I ran the IsaacSim 4.5.0 inside a docker container, and now it seems to me that the graphics are equally loaded and do not slow down the simulation as much.
Still, using only one graphics card works much better than using multiple graphics cards.

VickNV April 11, 2025, 7:27pm 6

Could you elaborate on this observation? Do you mean that running Isaac Sim on a single GPU has a better performance?

That’s right, the simulation is faster when using one GPU instead of multiple GPUs. Also, the simulation is better, in a sense, when using multiple graphics cards, as the simulation slows down, artifacts appear.

Single GPU:

single-gpu

Multiple GPUs:

multi-gpus

genboys May 9, 2025, 9:43am 8

Hello, have you solved this problem? I have the same problem. The simulated frame rate of 4 4090 GPUs is not as good as that of a single 4060 GPU.

Hi genboys,
I didn’t solve the problem. Still have same artifacts when using multiple GPUs, so I’m just using one GPU for now.

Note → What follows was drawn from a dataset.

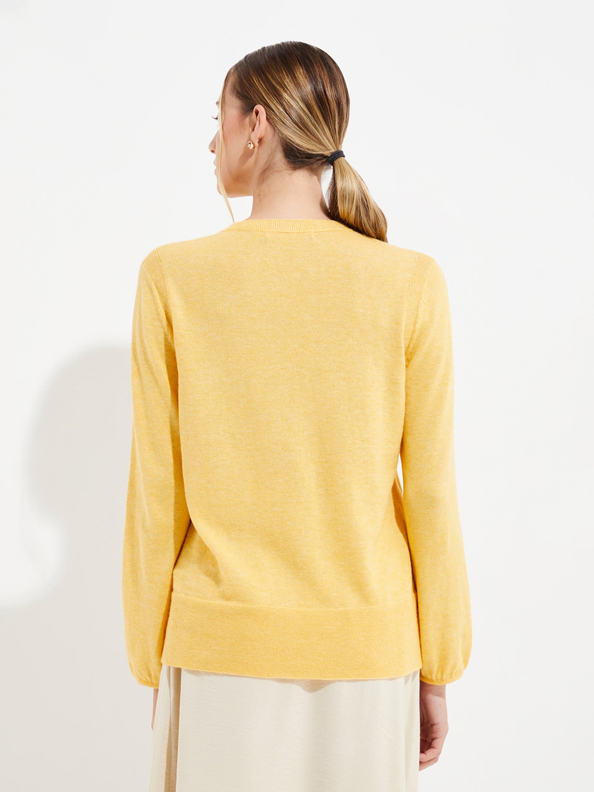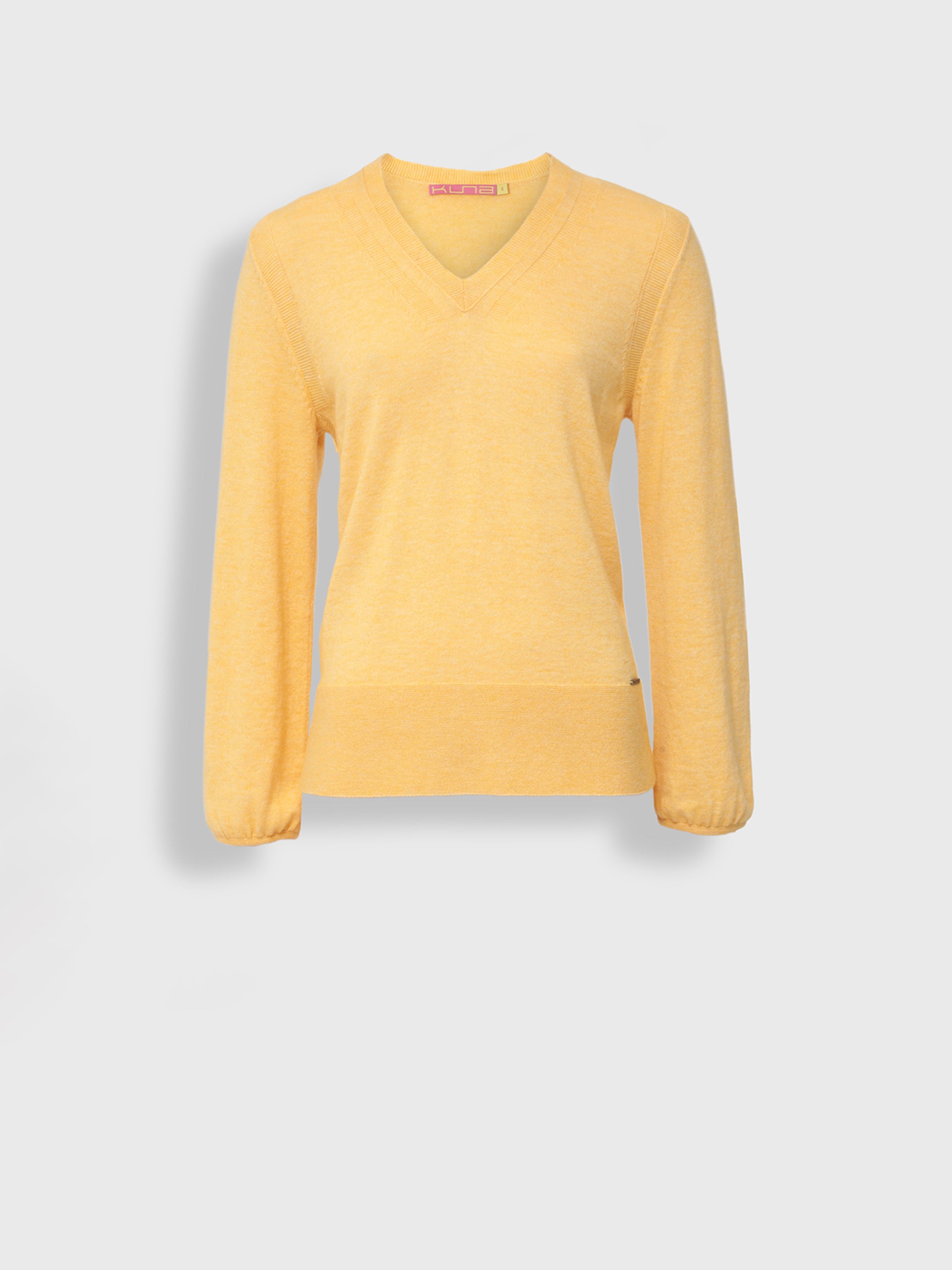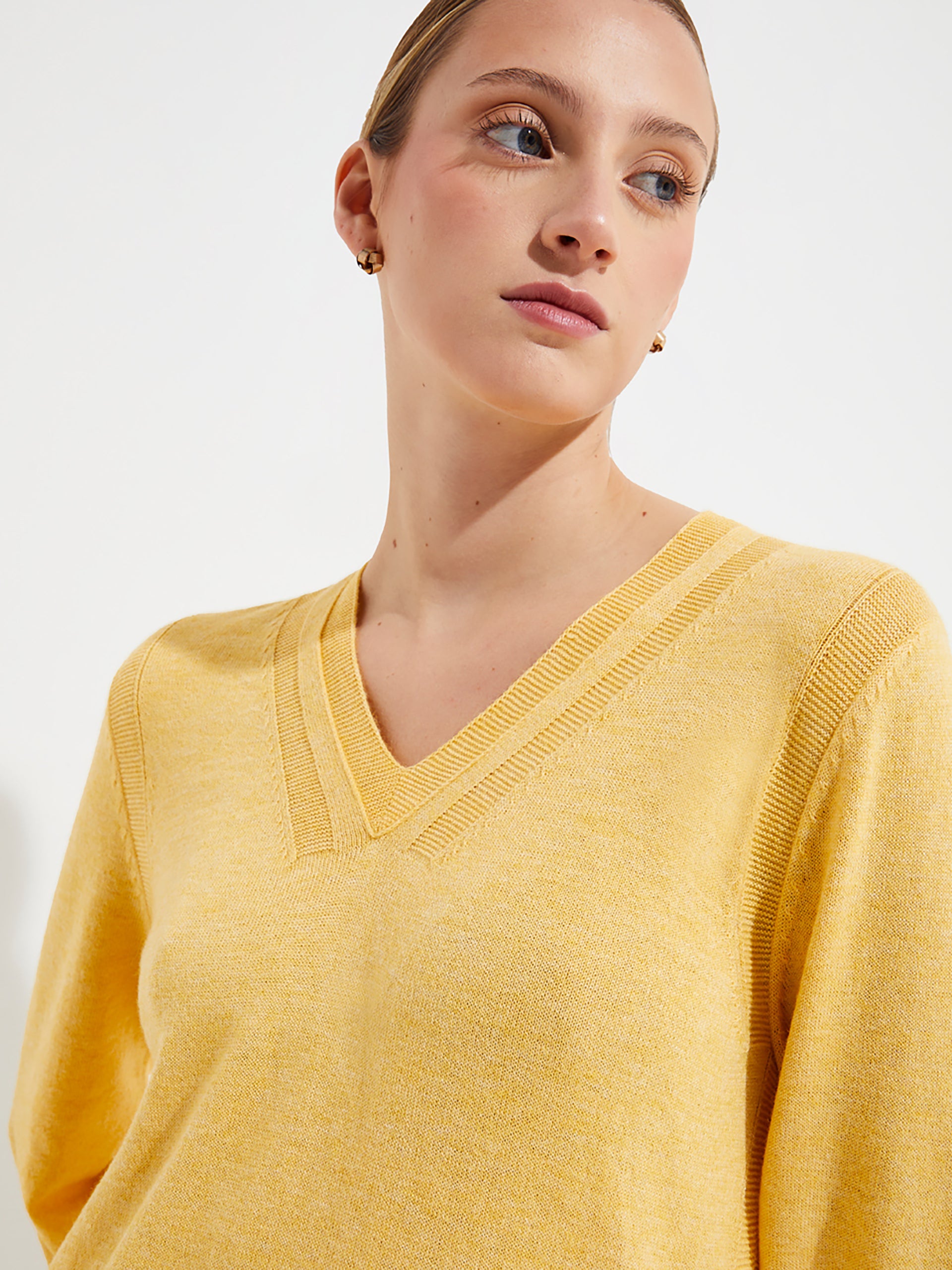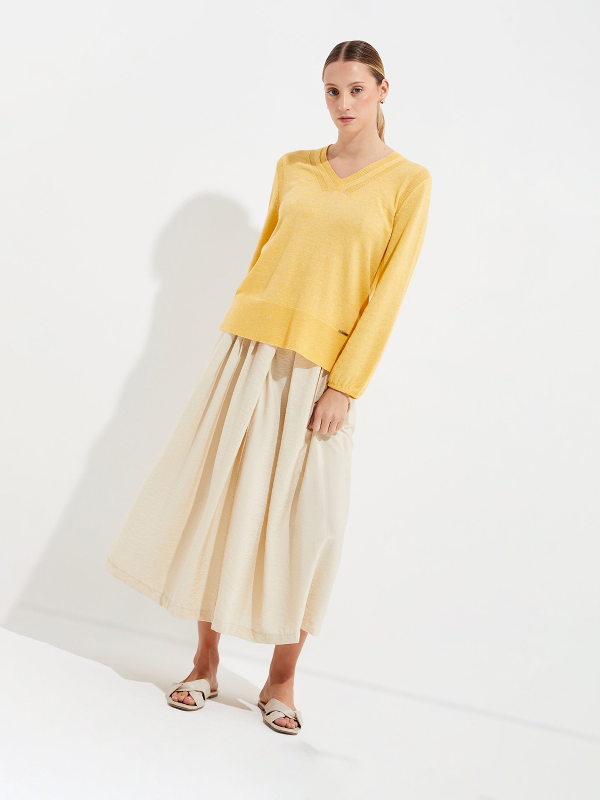 The Yliada sweater, knitted in jersey stitch, combines organic cotton and baby alpaca for greater softness. With a V-neckline, wide sleeves, gathered cuffs and oversize style, it offers a modern and comfortable look. Available in three warm tones, it is perfect for a casual and cozy style. | Predominant material: Cotton

VickNV May 20, 2025, 4:35am 10

@andrej.ch Do you mean that you are still seeing the artifact issue on Isaac Sim 4.5.0? If so, could you also provide the full log on 4.5.0? Thanks.
@genboys are you seeing the artifact issue on 4.5.0 using multiple GPUs? If so, could you also provide your full log? Thanks.

Yes, we still have issues when using v4.5.0 with artifacts when using multiple graphics cards and the RTX - Interactive (Path Tracing) is turn on. Also, as @genboys said, FPS drops a lot when using multiple GPUs (better performance is when using only one GPU).

Single GPU:
SingleGPU.log (1.3 MB)

Screenshot 2025-05-23 141527

Multiple GUPs:
MultipleGPUs.log (1.4 MB)

Screenshot 2025-05-23 140411

VickNV May 28, 2025, 9:12pm 13

@genboys Could you also provide more details of your issue?

VickNV June 4, 2025, 5:33pm 14

We have created an internal ticket for this observation and will keep you updated on any progress.

I just want to offer some general advice here. We see this a lot with multiple GPUs. Is this your machine or are you renting it from a cloud provider? The reason I ask is people assume 4 GPUs will give them 4 x the rendering speed, and 8 GPUs will give them 8 x the rendering speed. This is simply not the case. Nowhere in our documentation do we say you get linear scaling.

The best way to use a massive machine like this is to run 8 dockers simultaneously and assign EACH GPU to each docker. 8 gpus, 8 dockers, all running on 1 GPU at 100% draw rate. This is the true power of this kind of machine.

As I say a lot on here, just because you add 8 engines to a car, does not mean you can drive 8 times as fast. The reason the machine is grinding to a halt is your 8 gpus are completely overwhelming the rest of the system. The cpu, the bus, the motherboard, the system ram. It’s totally overkill. 1 is good, 2 is great, but beyond that you start to get less and less gpu balance. 4 cards barely works well. 8 I have never seen balanced.

So my advice is this. If this is your machine, run multiple rendering projects simultaneously in containers to use all the cards better. Or just take out 6 cards, and put 2 GPUs each in 3 more machines. Make yourself a 4 way render farm. Still 8 cards but way more rendering power, all being way more efficient.

If this is not a machine you own, but rent, my advice is to stop renting it, because its crazy expensive and overkill, and rent 4 x dual GPU machines. You will see a much more efficient workflow.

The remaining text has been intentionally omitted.